A 2019 study discussed how curcumin reduced inflammation and prevented H. pylori from entering and damaging gastric cells. This improved blood flow to the area, which aids in the healing of gastric tissue damage. It also improved immune system response in the body by improving gut/brain communication.
The antioxidant and antimicrobial action of curcumin led the authors to suggest that adding curcumin to the triple therapy approach was beneficial with few side effects.
Doctors typically prescribe a combination of two antibiotics and an acid-reducing drug to treat H. pylori. This is known as triple therapy.
If you’re resistant to the antibiotics, your doctors may add another medication to your treatment plan. The goal is to get rid of 90 percent or more of the H. pylori bacteria present.
Treatment usually lasts no more than 2 weeks but recovering from an ulcer due to H. pylori can take longer. Using two antibiotics instead of one may reduce your risk of antibiotic resistance. Antibiotics used to treat H. pylori include:
Acid-reducing medications help your stomach lining to heal. Some of these are:
- proton pump inhibitors, such as omeprazole (Prilosec) and lansoprazole (Prevacid), which stop acid production in the stomach
- histamine blockers, such as cimetidine (Tagamet), which block acid-triggering histamine
- bismuth subsalicylate (Pepto-Bismol), which coats and protects the lining of your stomach
Many people have the bacteria their entire lives and experience no symptoms.
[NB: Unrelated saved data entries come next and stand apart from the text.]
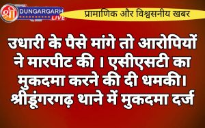 श्रीडूंगरगढ़ लाइव न्यूज़ 26 मार्च 2024 श्रीडूंगरगढ़ थाने में मुकदमा दर्ज करवाते हुए विक्रमसिंह पुत्र दीवान सिंह जाति राजपूत उम्र...
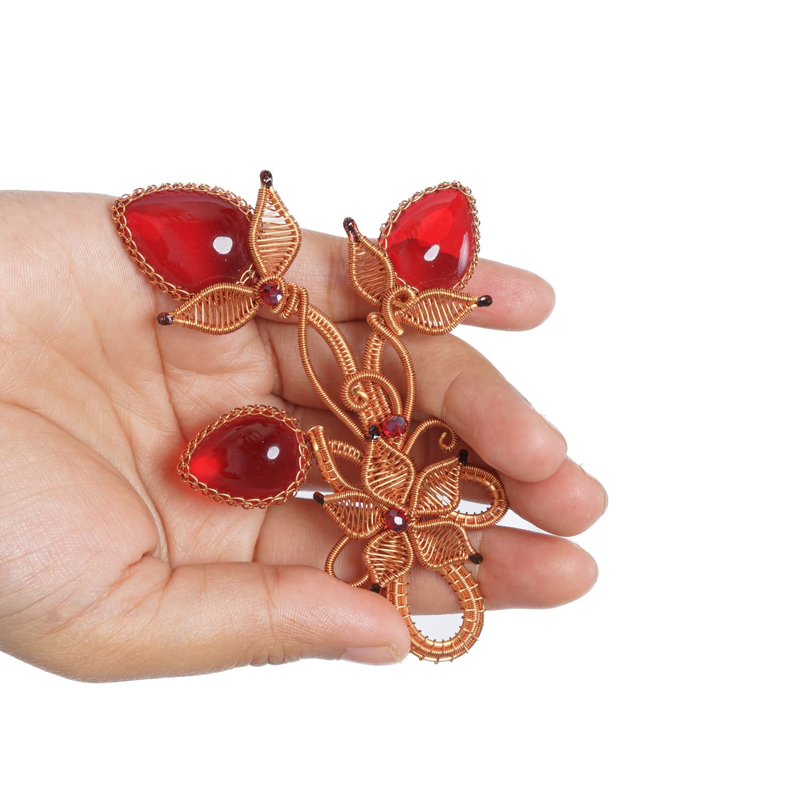 Bros ini menggunakan batu obsidian berwarna merah yang dianyam dengan menggunakan kawat tembaga berenamel jenis rose gold ukuran 0,8 MM dan di padukan dengan kristal
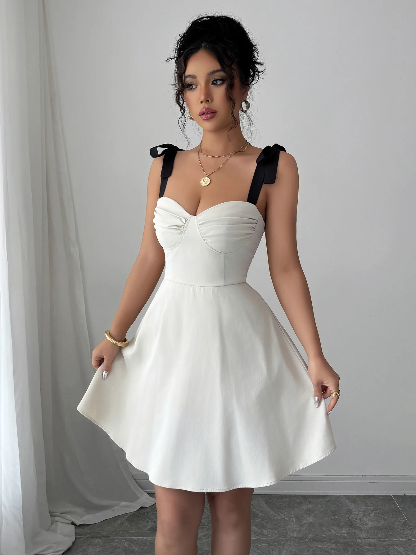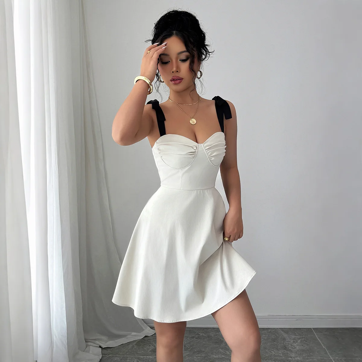 Alta qualidade venda quente atacado temperamento estilo elegante suspender sem alças meia saia vestido roupas femininas 2025 verão
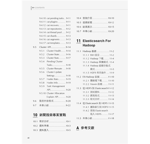 ■ 第11章介紹Elasticsearch和Hadoop大數據平台互動的方法。
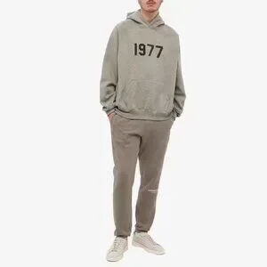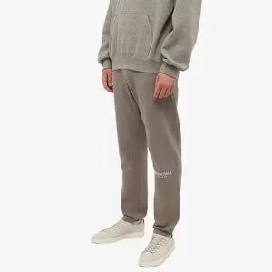 The Fear Of God Essentials sweatpants are made of a soft brushed cotton blend. They feature a relaxed fit with side seam pockets, an elastic waistband with drawstring, and elasticized cuffs. The logo is printed on the side, and there is a rubber label on the front.
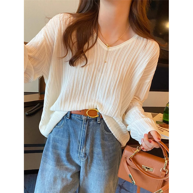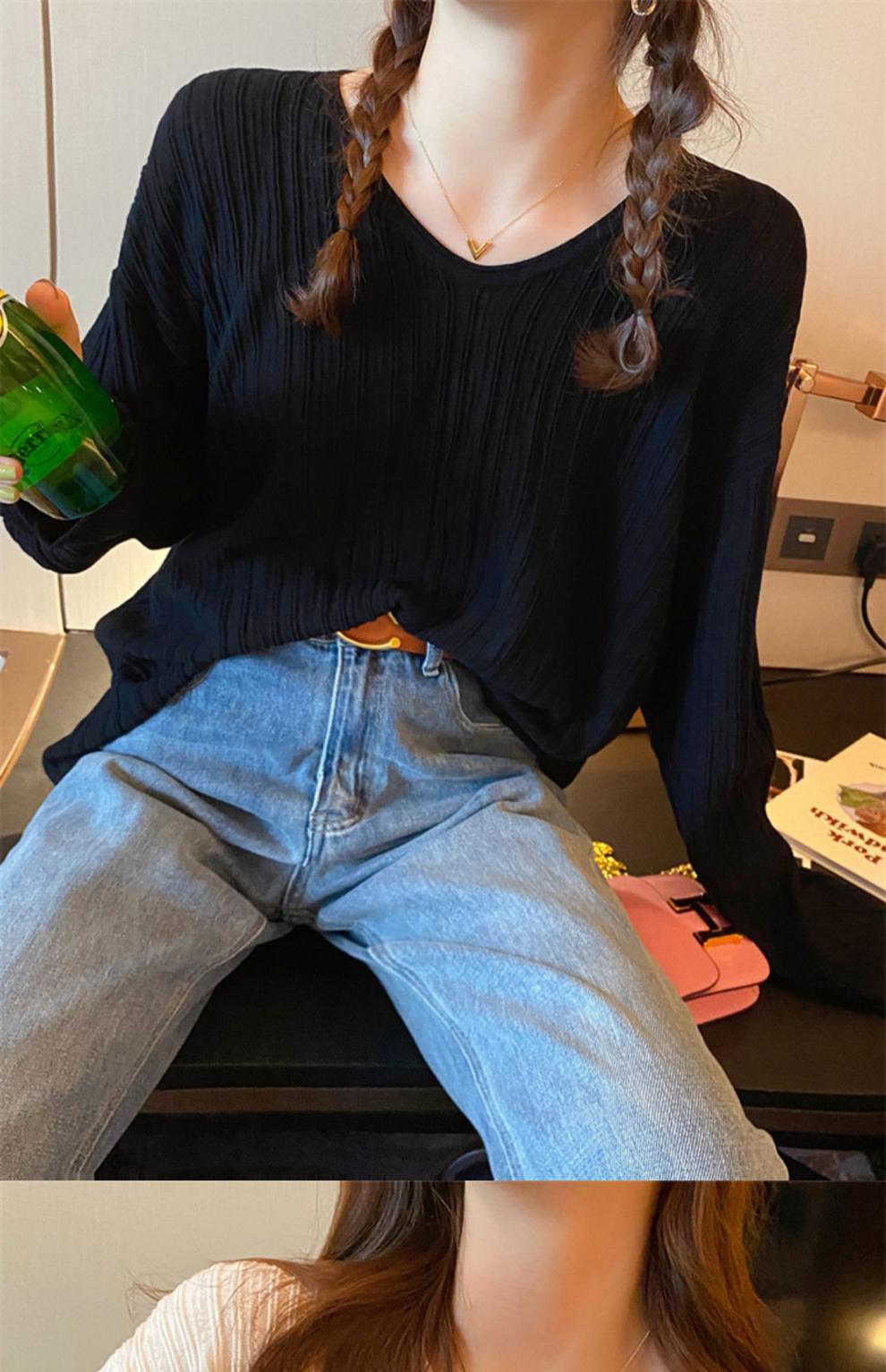 여성용 라글란 슬리브 니트웨어 가을과 겨울 새로운 느슨한 슬리밍 연령 감소 색상 매칭 긴 소매 풀오버베이스 셔츠 티셔츠스토어 가기

When it causes chronic gastric inflammation and remains untreated, serious complications may occur. These may include bleeding ulcers and stomach cancer. H. pylori is the main risk factor for some types of stomach cancer.
Eradication rates of H. pylori are high when an FDA-approved antibiotic treatment is used. Rates are highest when antibiotics are combined with an acid reducer. Adding natural treatments may offer additional healing benefits.
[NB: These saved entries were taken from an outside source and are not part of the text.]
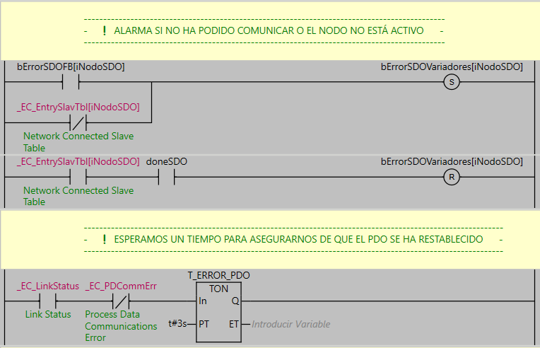 En este apartado se gestionan alarmas para que el usuario sepa que variadores no están comunicando y cuales si, además nos indicará si ha tenido un fallo en la ejecución de la FB.
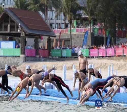 2025年11月6日,第十五届全运会马拉松游泳比赛男子组决赛在深圳大鹏新区桔钓沙海域举行。发令枪响,运动员相继跃入海中。本次赛事是全运会历史上首次在真实海况中举行的马拉松游泳项目。
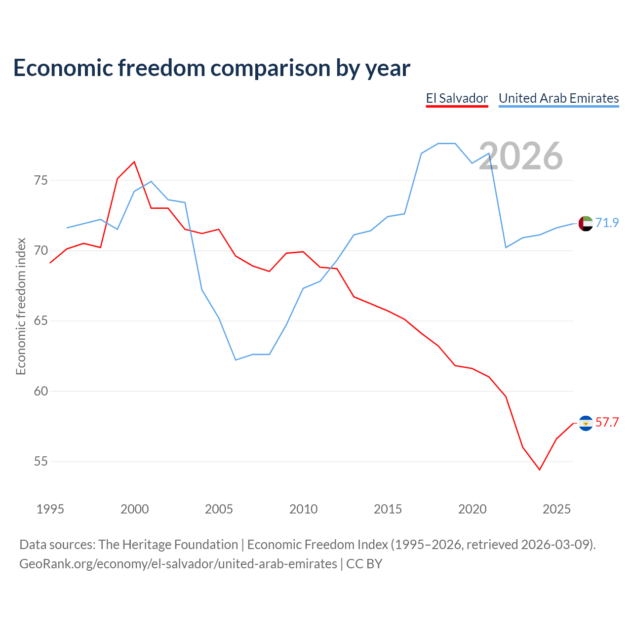 The Economic Freedom Index for El Salvador is 57.7, ranking 114/197, compared to 71.9 for the United Arab Emirates, ranking 29/197. The chart above displays a comparison of annual changes in economic freedom indexes.
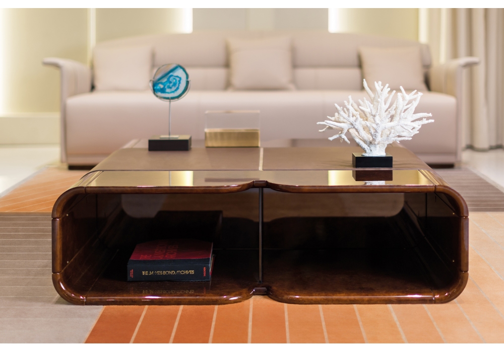 Madison von Andrea Bonini für Turri entworfen, ist ein quadratischer Couchtisch mit einer Struktur aus MDF und Sperrholz mit handdekoriertem glänzendem Polyester-Finish. Auf der Oberseite befinden sich Einsätze aus Leder. Metallbeine in hellgoldenem Finish. In der Struktur gibt es vier Räume, die durch ein bronziertes Glas getrennt sind. Verfügbar in mehreren Abmessungen.
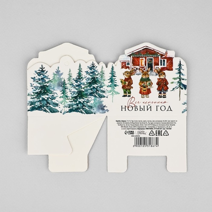 Коробка подарочная новогодняя складная «Новогодний домик», 7 х 7 х 7 см, Новый год
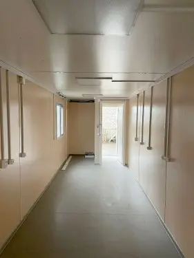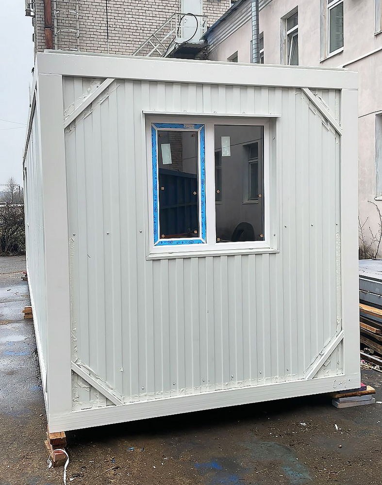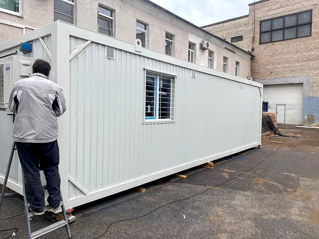 Девятиметровый цельносварной контейнер массой 6500 кг был спроектирован с учетом повышенной нагрузки из-за массы испытательного оборудования. Его габариты: 9000х2430х2590 мм. Пол и стены выполнены с гидро- и пароизоляцией и с утеплителем Rockwool 100 мм.
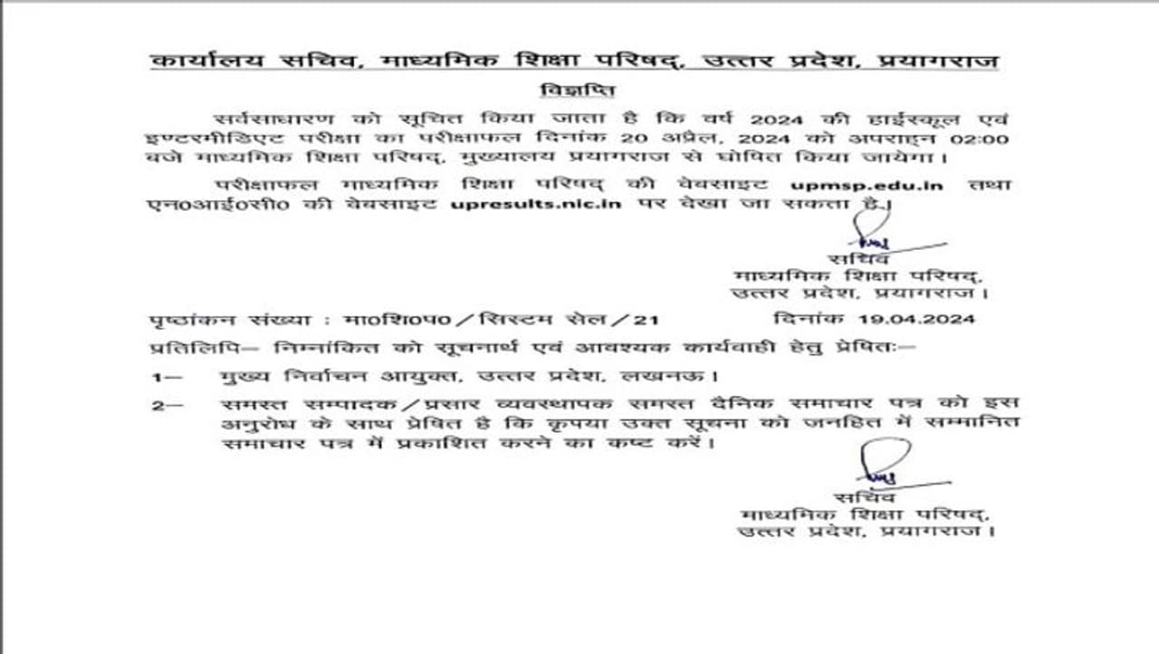 UPMSP UP Board Class 10th Result 2024: यूपी बोर्ड के अध्यक्ष आज दोपहर 02 बजे यूपी बोर्ड कक्षा 10वीं और 12 वीं का रिजल्ट जारी करेंगे। यूपी बोर्ड उत्तर प्रदेश माध्यमिक शिक्षा परिषद 10वीं और 12वीं की परीक्षा 2024 ( UPMSP UP Board exam ) 22 फरवरी 2024 से 9 मार्च 2024 तक आयोजित हुई। अब यूपी बोर्ड परीक्षा की उत्तर पुस्तिकाओं को 10 अप्रैल को चेक कर लिया गया था। उसके बाद से ही ये चर्चा थी कि यूपी बाेर्ड 25 अप्रैल तक में कभी भी रिजल्ट घोषित कर सकता है। उसके बाद 19 अप्रैल को बोर्ड के सचिव दिव्यकांत शुक्ल ने प्रेस रिलीज जारी करके बताया कि 20 अप्रैल को रिजल्ट घोषित किए जाएंगे।
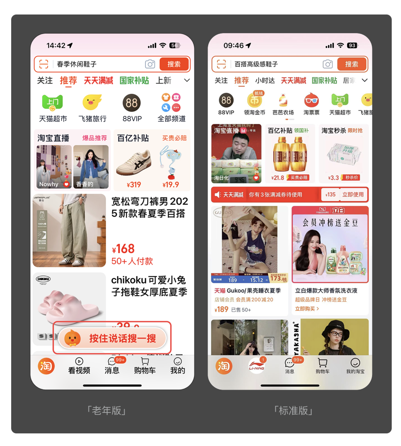 打字對于許多老人而言是一大難題 —— 視力模糊導致按鍵不準、拼音基礎薄弱難以拼寫,這些都讓文字輸入成為數字使用的 “攔路虎”。語音操作的引入,恰好解決了這一痛點。淘寶老年版在底部導航欄設置了顯眼的 “按住說話搜一搜” 按鈕,老人只需說出商品名稱,即可完成搜索,無需手動輸入;中國工商銀行老年版也加入了 “語音操作” 功能,查詢賬戶余額、辦理生活繳費、購買理財產品等操作,都能通過語音指令完成,極大簡化了操作流程。語音交互以更自然的方式搭建起老人與產品的溝通橋梁,讓操作門檻大幅降低。

In the United States, doctors seldom test for H. pylori unless you have symptoms. If you have symptoms, call your doctor for an evaluation. H. pylori infection shares symptoms with other stomach conditions, such as acid reflux and GERD. It’s important you get the right diagnosis to make sure you’re treated correctly.
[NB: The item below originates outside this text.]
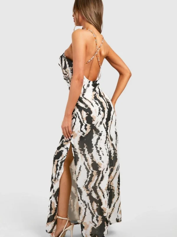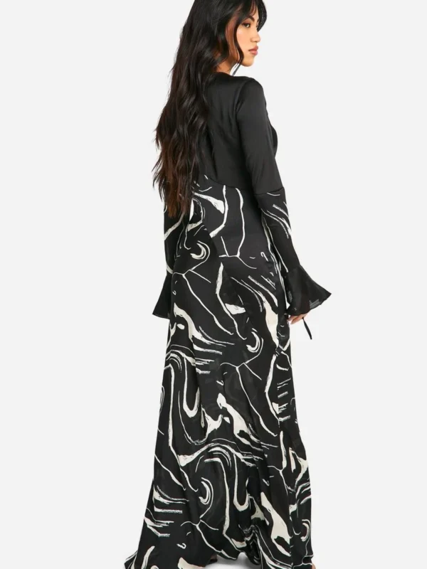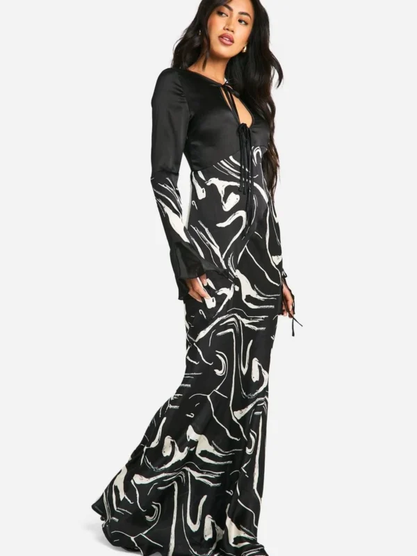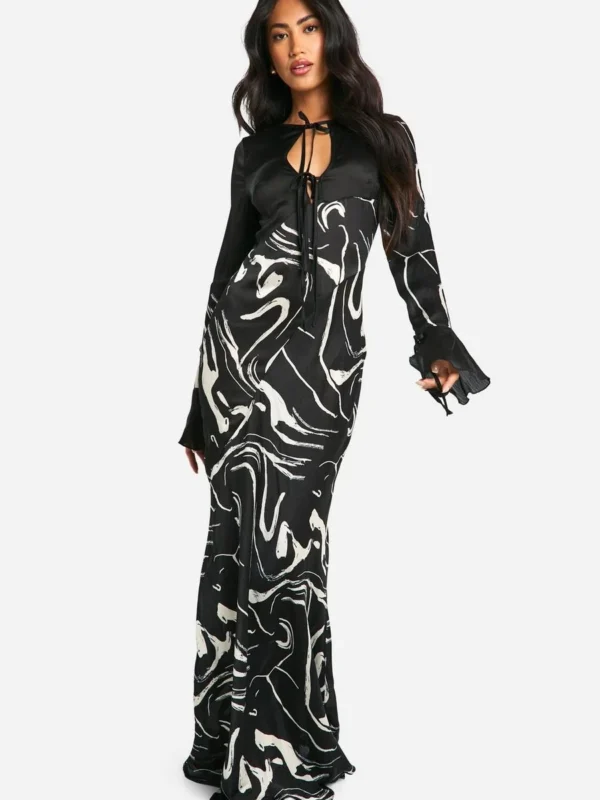 BOOHOO Abstract Chiffon Tie Maxi Dress

You may need to have an endoscopy, a colonoscopy, or both to check for other possible diagnoses.
If you test positive for H. pylori, the sooner you start treatment, the better. Natural treatments aren’t likely to harm you, but they aren’t proven to eliminate the infection. Don’t use them instead of conventional treatments without your doctor’s supervision.
The source of H. pylori is unclear. There are no formal recommendations from the CDC to prevent it. In general, you should practice good hygiene by frequently washing your hands and properly preparing your food. If you’re diagnosed with H. pylori, complete your full course of treatment to reduce your risk of recurrence.
Can you get rid of H. pylori without antibiotics?
To truly eradicate your body of the bacteria, a doctor’s recommendation of antibiotics will help get rid of H. pylori.
Is lemon water good for H. pylori?
Lemon water will not get rid of H. pylori. It may make your symptoms worse since it is acidic.
Is ginger good for H. pylori?
Ginger can help aid stomach issues, but will not get rid of H. pylori.